Dry bulk iron ore freight market exhibits mixed trends

  • Pacific rates stay firm on firmer tonnage demand
  • Inquiries drop in Atlantic basin with few fixtures at lower levels

Dry bulk iron ore freight rates showed mixed movement this week, firming on Australia-China and India-China routes, while easing on Brazil-China and South Africa-China lanes, underscoring contrasting demand-supply dynamics across basins.

Positive sentiment in the Pacific basin strengthened on the back of rising cargo demand, while freight derivatives also posted healthy gains during Asian trading hours, according to sources.

In the Pacific, a surge in fresh iron ore orders from operators and traders continued to support market confidence. Additionally, Western Australia mining majors, including BHP and Rio Tinto, were actively seeking vessels through the week, further boosting tonnage demand.

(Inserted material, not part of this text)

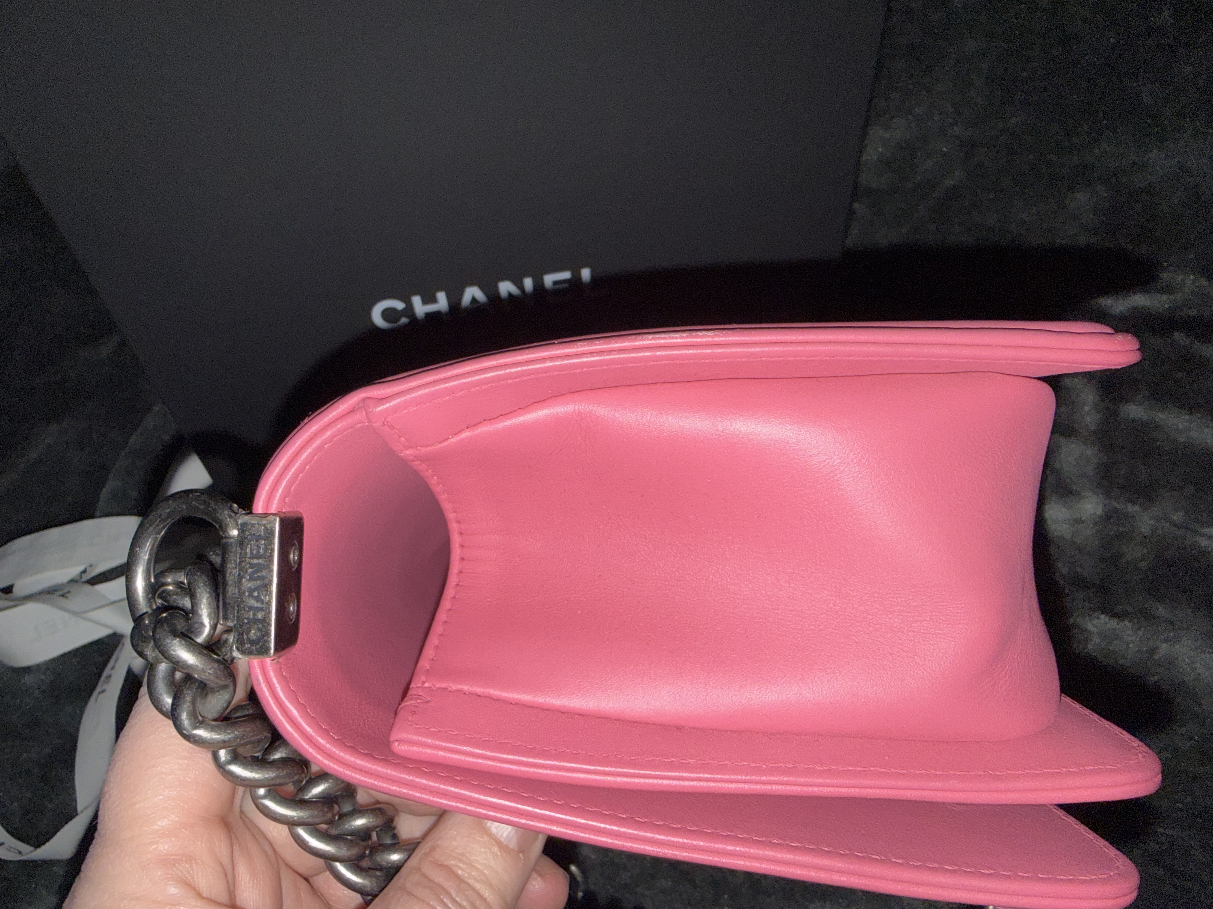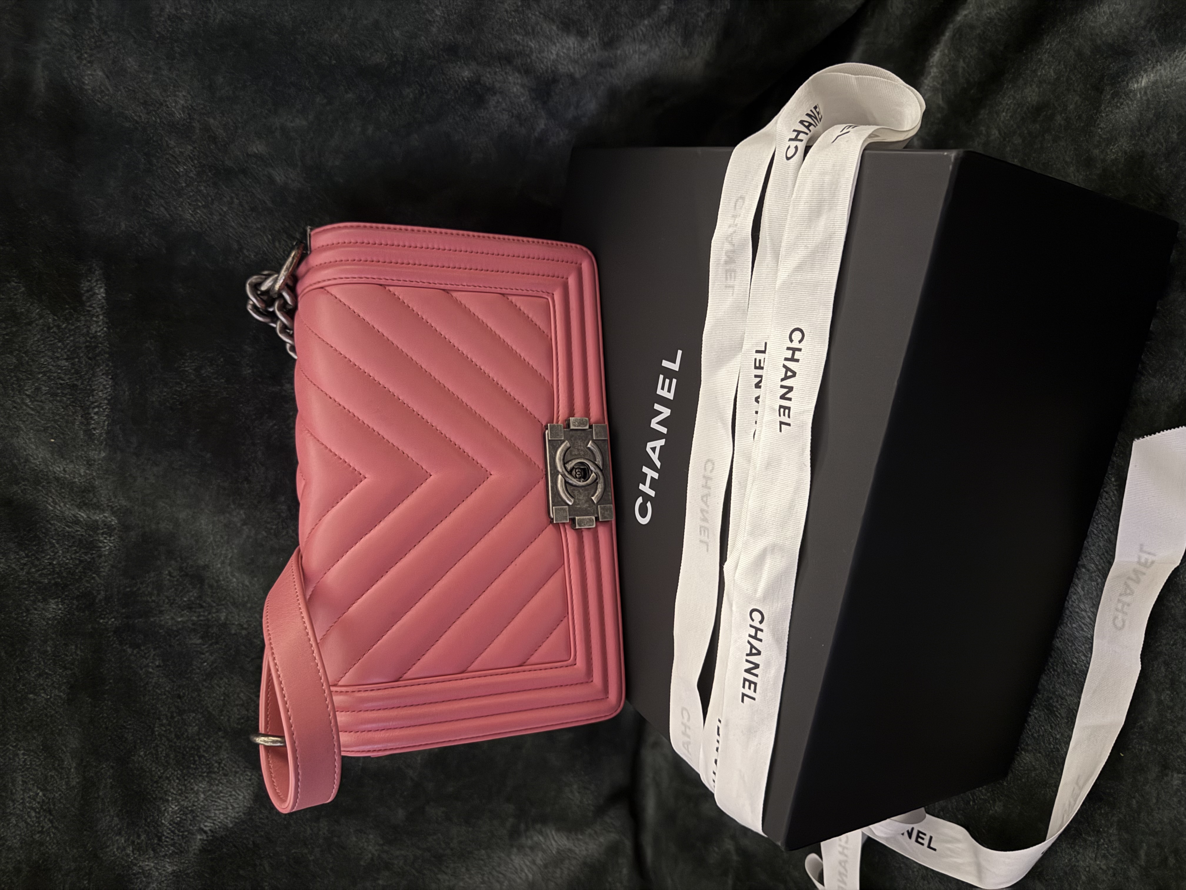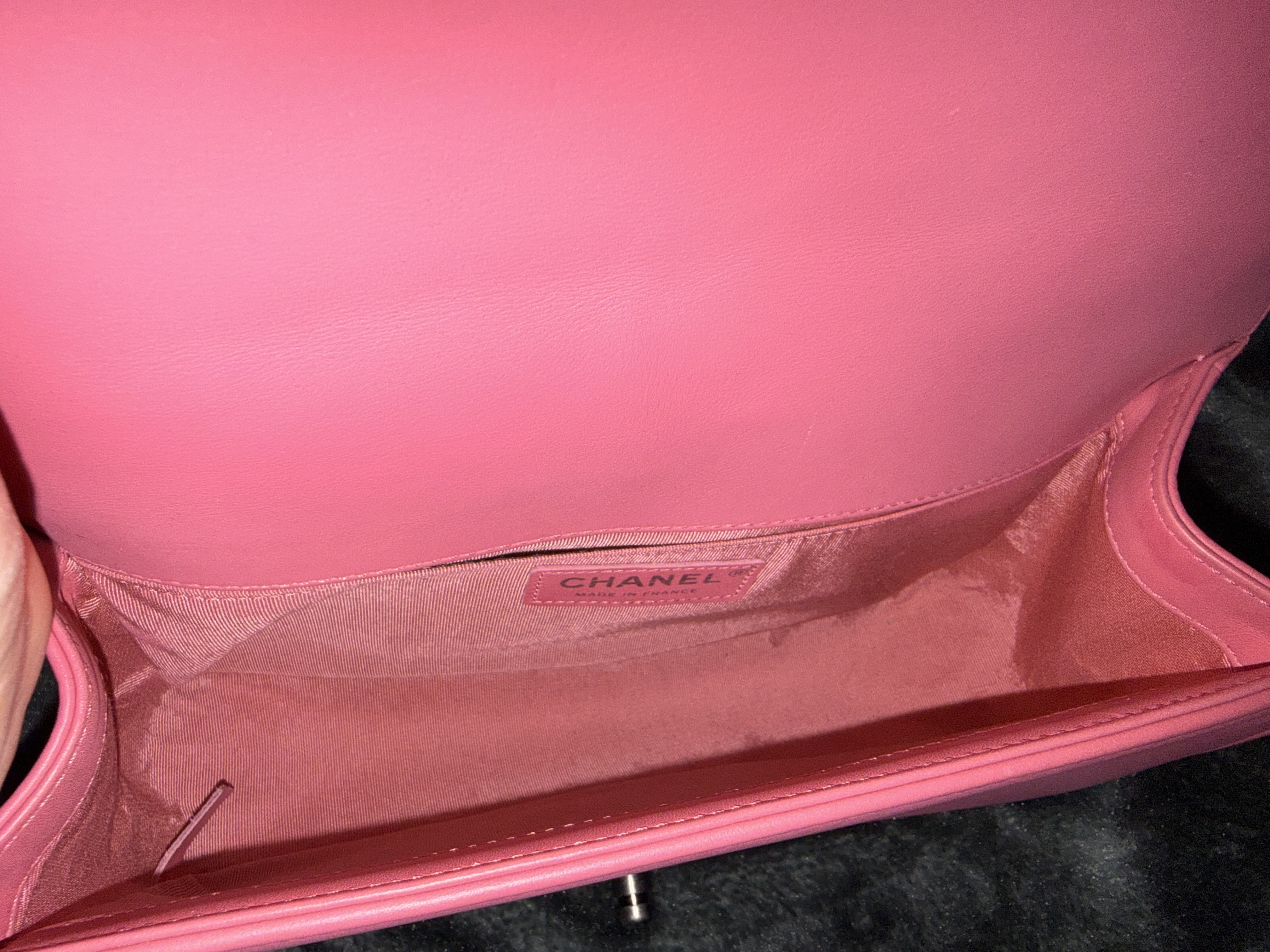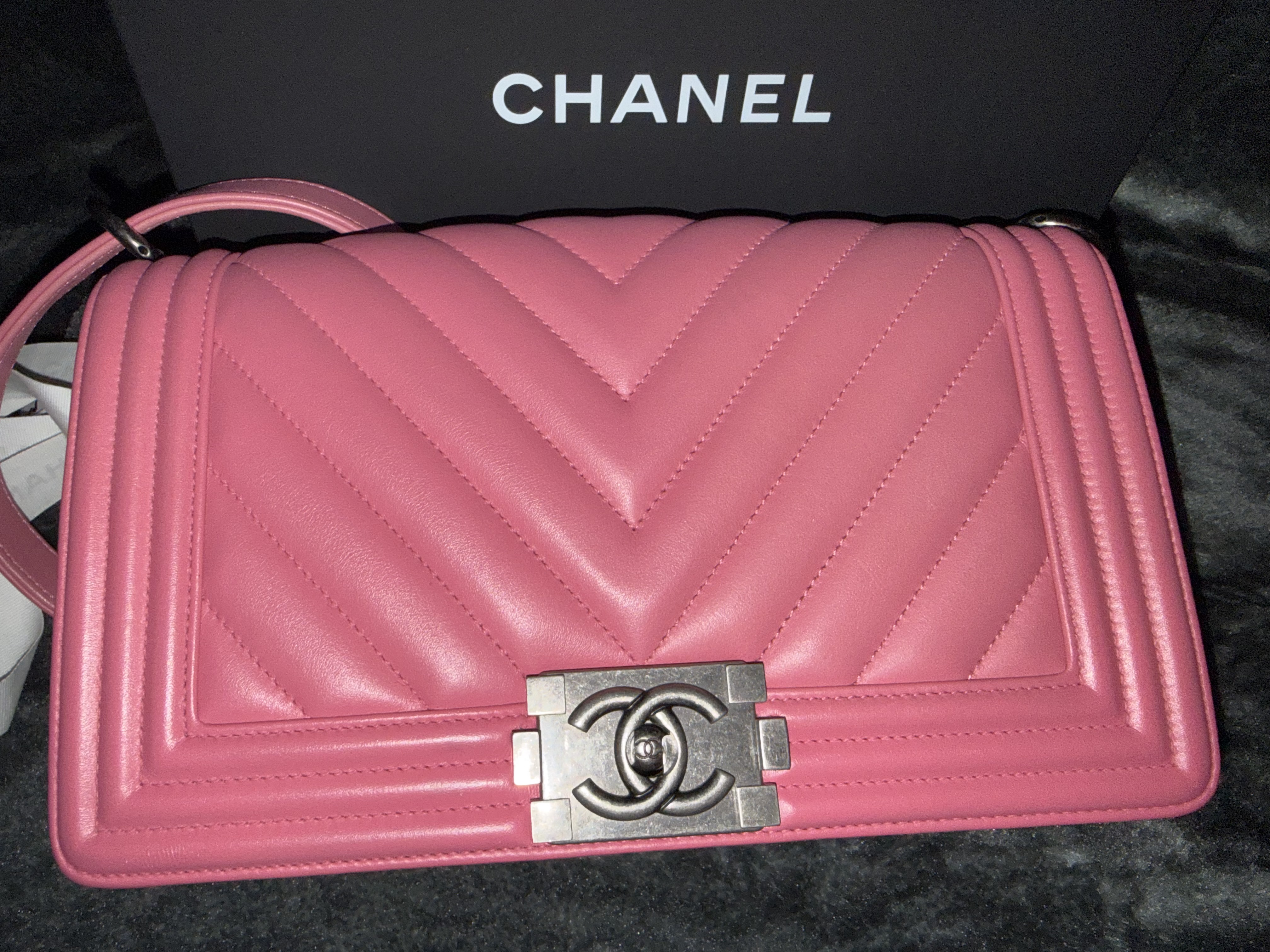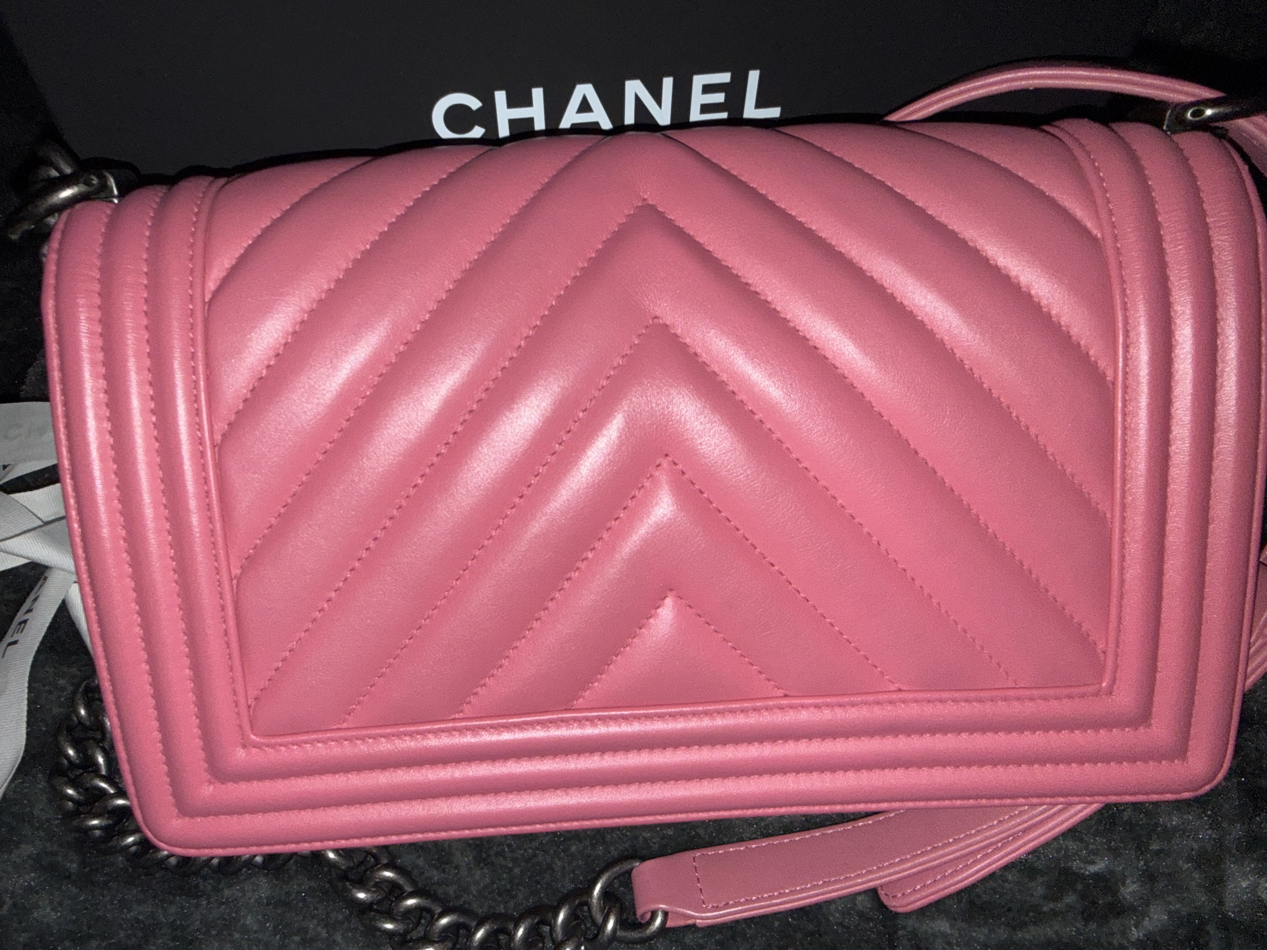 Chanel BOY CHANEL 25 Lambskin Chain Shoulder Bag Chevron Pink Gunmetal Fittings

However, Atlantic activity remained largely muted during Asian trading hours this week, with minimal fixtures reported. BigMint data indicates only one fixture each was recorded on the South Africa-China and Brazil-China routes.

Route-wise updates

  • India (Paradip)-China (Qingdao), Supramax: Freights for Supramax vessels from the Indian Ocean to China witnessed an increase w-o-w by $0.36/dry metric tonne (dmt) to $12.30/dmt. The market is firming as iron ore traders rush to sell and export cargoes following news of a potential 30% export duty on low-grade iron ore from early October, a Mumbai-based shipbroker told BigMint.
  • Australia (Port Hedland)-China (Qingdao), Capesize: Capesize freights for iron ore shipments from Western Australia to China continued to trend upward by $0.03/dmt w-o-w to $10.52/dmt. With fundamentals favouring sellers, shipowners initially quoted above $10.55/dmt on the Australia-China route. However, optimism faded in late Asian trading hours, with both bids and offers easing to around $10.20-10.40/dmt.
  • Brazil (Tubarao)-China (Qingdao), Capesize: Capesize freights for Brazil to China shipments, on contrary, witnessed a drop of $0.58/dmt w-o-w, settling at $23.84/dmt. On the Tubarao-Qingdao route, only one fixture was reported this week at around $24.25/dmt. The modest decline contrasts with firmer Pacific basin rates, underscoring divergent demand-supply dynamics across regions. Traders stayed cautious amid prevailing uncertainty, with fixture activity notably lower than the previous week.
  • South Africa (Saldanha Bay)-China (Qingdao), Capesize: Capesize freights from Saldanha Bay to Qingdao followed the suit and edged lower by $0.08/dmt w-o-w, settling at $18.38/dmt. Freight levels on the South Africa-China route moderated this week, with activity relatively subdued with only one fixture reported at around $17.68/dmt.

Market highlights

  • Baltic index hits over 2-month high: The Baltic Exchange’s main dry bulk sea freight index rose further w-o-w on 17 September driven by higher rates across all vessel segments. The overall index increased around 75 points w-o-w to 2,154, with the Capesize index rising sharply by around 173 points w-o-w to 3,189. Additionally, the Supramax segment also increased by 18 points w-o-w to 1,491.
  • DCE iron ore futures drop on supply concerns: Iron ore futures on the Dalian Commodity Exchange (DCE) for the January 2026 contract increased marginally by around RMB 0.5/t ($0.1/t) to RMB 804.5/t ($113/t) on 17 September. DCE iron ore futures edged lower this week as weak steel mill demand, rising portside inventories, and cautious buying sentiment outweighed support from relatively steady seaborne cargo activity. Market participants noted that uncertainty around Chinese steel output controls and tepid downstream consumption further pressured futures.

Outlook

In the near term, dry bulk iron ore freight rates are likely to remain range-bound, with Pacific basin routes such as Australia–China and India–China supported by steady cargo flows and active chartering by miners. Sentiment may also draw some strength from derivative gains and sustained vessel demand in Asian trading hours.

Conversely, Atlantic basin routes, including Brazil-China and South Africa-China, could face continued pressure amid muted fixture activity and limited cargo availability. Overall, divergent regional dynamics are expected to keep the market mixed, with Pacific routes showing relative firmness while Atlantic routes remain subdued.